Curated Multilingual Language Resources for CEF. AT
Department of Computational Linguistics
Period: 01.06.2020 – 31.05.2022
Type of Project: collective, international
Partners: Section of Linguistics and Literary Scholarship, Hungarian academy of sciences; University of Zagreb, Croatia, Faculty of Humanities and Social Sciences; Institute of Computer sciences, Polish Academy of Sciences; Research Institute for Artificial Intelligence, Romanian Academy; Ľ. Štúr Institute of Linguistics of the Slovak Academy of Sciences; Institut Jožef Stefan, Slovenia
Funding: Innovation and Networks Executive Agency (INEA). Management Centre Europe (МСЕ), Telecoms sector
Principal Investigator: prof. Svetla Koeva PhD
Participants: prof. Svetla Koeva PhD (from 01.07.2021), prof. Tinko Tinchev PhD, assist. Prof. Tsetana Dimitrova PhD, assist. Prof. Valentina Stefanova PhD, Martin Yalamov, Nikola Obreshkov
Abstract:
The project will provide resources on seven languages selected and processed by adequate method: Bulgarian, Croatian, Hungarian, Polish, Romanian, Slovak and Slovene. The resources will be from these thematic fields: finances, health care, scientific researches, cultural heritage, education, economics, politics, from Innovation and Networks Executive Agency (INEA). Management Centre Europe (МСЕ).

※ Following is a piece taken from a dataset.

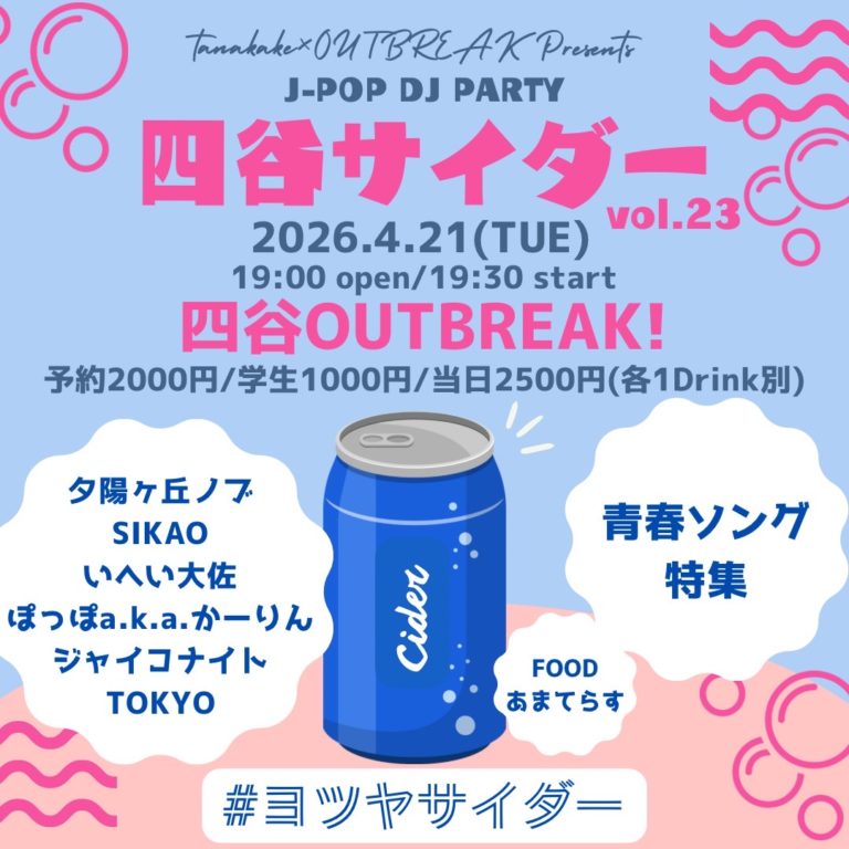 MEOTOユニット、tanakake主催のJ-POP DJ PARTY!

The specific goals of the projects are aimed at: creating of multilanguage resource with documents from different thematic fields; automatic linguistic annotation of the multilanguage resource; automatic linguistic processing and enriching of the multilanguage resource.

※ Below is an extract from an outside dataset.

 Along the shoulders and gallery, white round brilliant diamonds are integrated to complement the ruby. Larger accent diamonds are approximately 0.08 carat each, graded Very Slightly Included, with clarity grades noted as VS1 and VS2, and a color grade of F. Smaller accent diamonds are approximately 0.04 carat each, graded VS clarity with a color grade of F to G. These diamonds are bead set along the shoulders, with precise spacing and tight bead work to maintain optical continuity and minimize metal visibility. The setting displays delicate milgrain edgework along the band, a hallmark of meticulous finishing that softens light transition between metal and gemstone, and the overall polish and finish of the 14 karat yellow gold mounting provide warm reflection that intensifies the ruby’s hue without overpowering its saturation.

The results of the project will provide at least 140 milion words (20 milion per language). The results will be used in the education of the systems for the automatic translation of the Platform about the automatic translation of the Management Centre Europe (CEF.AT). The quality of the automatic translation depends from the education of the systems for translation on the basis of the large quantity of translatable documents from a certain thematic field. The value of the automatic translation increases more and more with the increase of the economical, political and cultural connections between the different (European) states.
The project is developed as a part of the priorirty scientific direction of the Institute for Bulgarian language „Electronic Language Resources and Tools for their Processing“.
Results: linguistic processed and annotated language data from different thematic fields (at least 20 milion words), software, infrastructure for extraction and semantic processing of documents.